Figure 6b shows the ln(σ) curves as a function of the inverse of the heating temperature on the binary blend and the nanocomposite. An average value of the membrane thickness of 15 µm was used to estimate the conductivity of the samples based on preliminary observations made with electron microscopy. This value was reliable due to the control of all the electrospinning preparation factors of polymeric nanofibers, which were indicated in the numeral 2.1. At low temperatures, a decrease in the electrical conductivity in the samples was observed in the temperature range between 30 and 70 °C. This behavior was mainly attributed to the decrease in the humidity of the membranes subjected to heat treatment. This is evident in the TGA study shown in Figure 4, where a mass loss of 5 and 10% of the binary membranes with and without nanoparticles is indicated, respectively. A linear region associated with thermal activation at high temperatures was observed. For the PVA/CS binary blend membrane, the mechanism of ionic jumps was dominant in the temperature range of 140 to 190 °C, which was influenced by the flexibility of the polymer chains due to their proximity to the polymer’s melting temperature. On the other hand, in the composite, this effect also occurred at a lower temperature range (100–150 °C), possibly due to the higher moisture retention caused by the nanoparticles dispersed in the membrane, which facilitated the ionic electromigration of the charge carriers originating from the CS. The activation energy, Ea, was calculated using the slopes and parameters of the linear regions mentioned above in Equation (5). An activation energy of 1.38 eV was obtained for the undoped binary membrane. Similarly, a lower activation energy corresponding to 0.46 eV was determined for the composite. This was due to the incorporation of PVA and the adequate dispersion of TiO₂ in the CS matrix, which improved moisture retention and redistributed the free volume in the composite.

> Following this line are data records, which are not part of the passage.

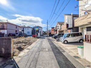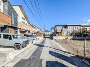 前面道路は公道で、車庫入れなどの動線も確保しやすい環境です。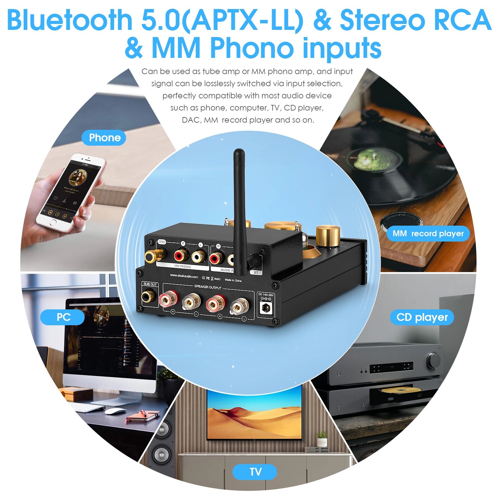 Ламповый усилитель Nobsound HiFi GE5654, стерео, Bluetooth 5,0, мм, для поворотных столов APTX-HD, 160 Вт + 160 Вт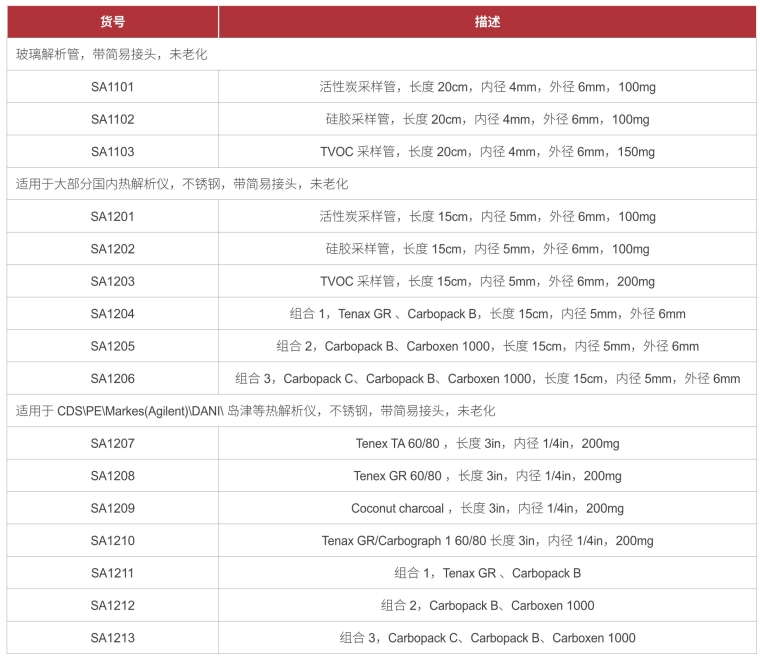 溶剂解吸管通常用于工业卫生环境中的空气采样。它是已装填好吸附剂的密封玻璃管,通常吸附剂为双层,A层为较多一层填充床,B层为较少一层填充床(如下图)。较少一层填充床作为后备填充物,用于捕获因前一层填充床的过载而穿透过来的化合物。填充床之间一般由石英棉或泡沫隔开并固定于玻璃管中。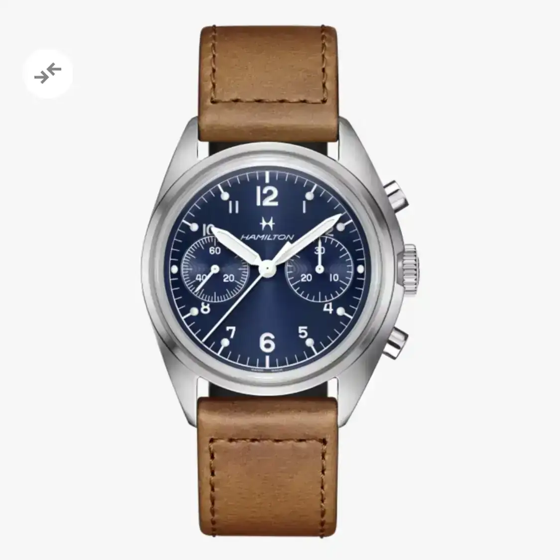 Este Hamilton H76522131 se encontraba hasta hace nada entre uno de mis futuribles... Iba buscando un reloj de piloto. Me gustó el dial asimétrico con el chrono y la estética vintage. La cosa es que hace unas semanas, fijándome bien me di cuenta que la caja es ligeramente más amplia y redondeada por el lado derecho del reloj para abrazar la corona.. Desde entonces lo veo amorfo. ¿Qué os parece?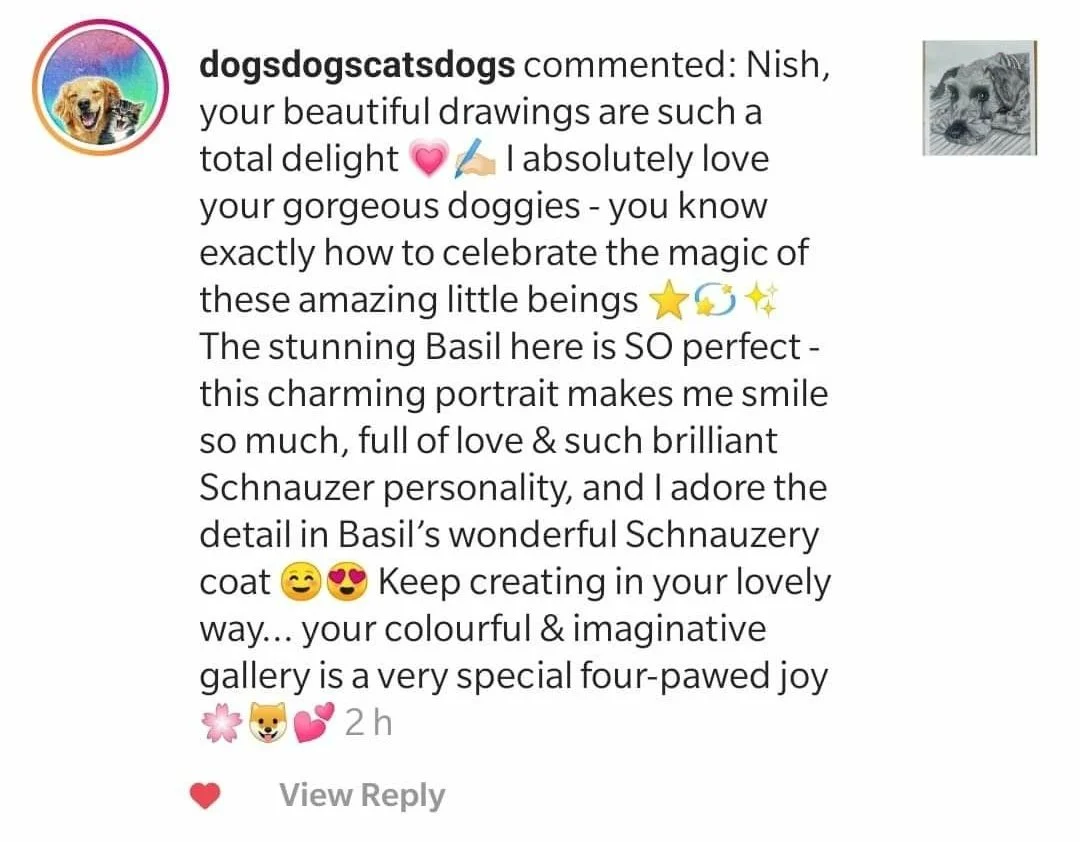 Nish, your beautiful drawings are such a total delight. I absolutely love your gorgeous doggies, you know exactly how to cey the magic of these amazing little beings. The stunning Basil here is SO perfect - this charming portrait makes me smile so much, full of love and such brilliant Schnauzer personality, and I adore the detail in Basil's wonderful Schnauzery coat. Keep creating in your lovely way... your colourful and imaginative gallery is a very special four-pawed joy.

Figure 7 presents the trend of the activation energy as a function of the filler content of the composite. Thus, the lowest value of the activation energy was presented for the TiO₂ concentration (1000 ppm). A significant increase in the activation energy was seen for a higher nanoparticle content. In this sense, Yong et al. (2007) [9] mentioned that the ionic conductivity decreased with the increasing ceramic filler due to the dilution effect on the proton exchange groups in the original polymer matrix.

4. Conclusions

The moisture absorption capacity of the PVA/CS(x TiO₂) electro-spun membranes was controlled by the incorporation of ceramic nanoparticles. For the concentration x = 1000 ppm, the hydrophilic effects of the membrane were favored, with moisture absorption up to 13%; on the other hand, at higher concentrations of the refill, the hydrophobic properties were promoted, reaching values close to 2%, perhaps due to the low competition of the hygroscopic nanofiller (concentration 1000 ppm) with the water molecules to occupy these spaces. Thermal analysis by TGA indicated in the PVA/CS composite (1000 ppm) significant moisture retention with water loss (5% or less) for temperature increments from 30 to 200 °C. This was mainly due to the synergistic interaction of the hygroscopic filler with the ionic groups of the binary membrane. In the DSC thermogram, a shift in the glass transition temperature to a lower temperature (37 °C) due to the effect of the nanoparticles (1000 ppm TiO₂) was observed concerning the fibrous membrane without a filler (44 °C). This decrease indicated the possibility of higher ionic conductivities in the nanocomposites at room temperature. The Arrhenius model analysis for the PVA/CS composite (1000 ppm TiO₂) inferred lower activation energy (0.46 eV) for the temperature range between 100 and 150 °C. This could be attributed both to the moisture retention capacity and to the solid plasticizing effect of the hydrophilic nanoparticles when adequately dispersed in the binary matrix. It is essential to mention that, in future work, it could be interesting to fill the intra-fibrous spaces of the electro-spun membrane with compatible material to validate the energy efficiency of the new composite as a solid polymer electrolyte in a direct methanol fuel cell.